An audio signal is modulated by a carrier wave of 20 MHz such that the bandwidth required for modulation is 3 kHz. Could this wave be demodulated by a diode detector which has the values of R and C as (i) `R = 1 k Omega, C = 0.01 mu F (ii) R = 10 k Omega, C = 0.01 muF (iii) R = 10k Omega , C = 1 mu muF`.

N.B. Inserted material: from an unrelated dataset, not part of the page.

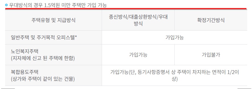 우대 방식의 경우 1.5억 원 미만의 1 주택자만 가입 가능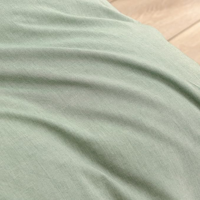BESTOUCH Duvet Cover Set 100% Washed Cotton Linen Feel Super Soft Comfortable Chic Lightweight 3 PCs Home Bedding Set Solid Green Cal King

Given, carrier wave frequency `f_(c)=20MHz`
`=20 xx 10^(6)HZ`
Bandwidth required for modulation is
`2f_(m)=3kHz = 3 xx 10^(3)Hz`
`implies" "f_(m)=(3xx10^(3))/(2)=1.5 xx 10^(3)Hz`
Demodulation by a diode is possible if the condition `(1)/(f_(c))ltltRC lt (1)/(f_(m))` is satisfied
Thus, `(1)/(f_(c))=(1)/(20xx10^(6))=0.5 xx 10^(-7)" ...(i)"`
and `(1)/(f_(m))=(1)/(1.5 xx 10^(3))Hz = 0.7 xx 10^(-3)s" ...(ii)"`
Now, gain throgh all the options of R and C one by one, we get
(i) `RC = 1 kOmega xx0.01 muF = 10^(3) Omega xx(0.01 xx 10^(-6)F)=10^(-5)S`
Here, condition `(1)/(f_(c))ltlt RC lt(1)/(f_(m))` is satisfied.
Hence it can be demodulated.
(ii) `RC = 10 kOmega xx 0.01 mu F = 10^(4) Omega xx 10^(-8)F = 10^(-4) S `
Here condition `(1)/(f_(c))ltlt RC lt(1)/(f_(m))` is satisfied.
Hence, it can be demodulated.
(iii) `RC=10 k Omega xx 1mumuF = 10^(4) Omega xx 10^(-12) F = 10^(-8)S`
Here, condition `(1)/(f_(c)) gt RC`, so this cannot be demodulated.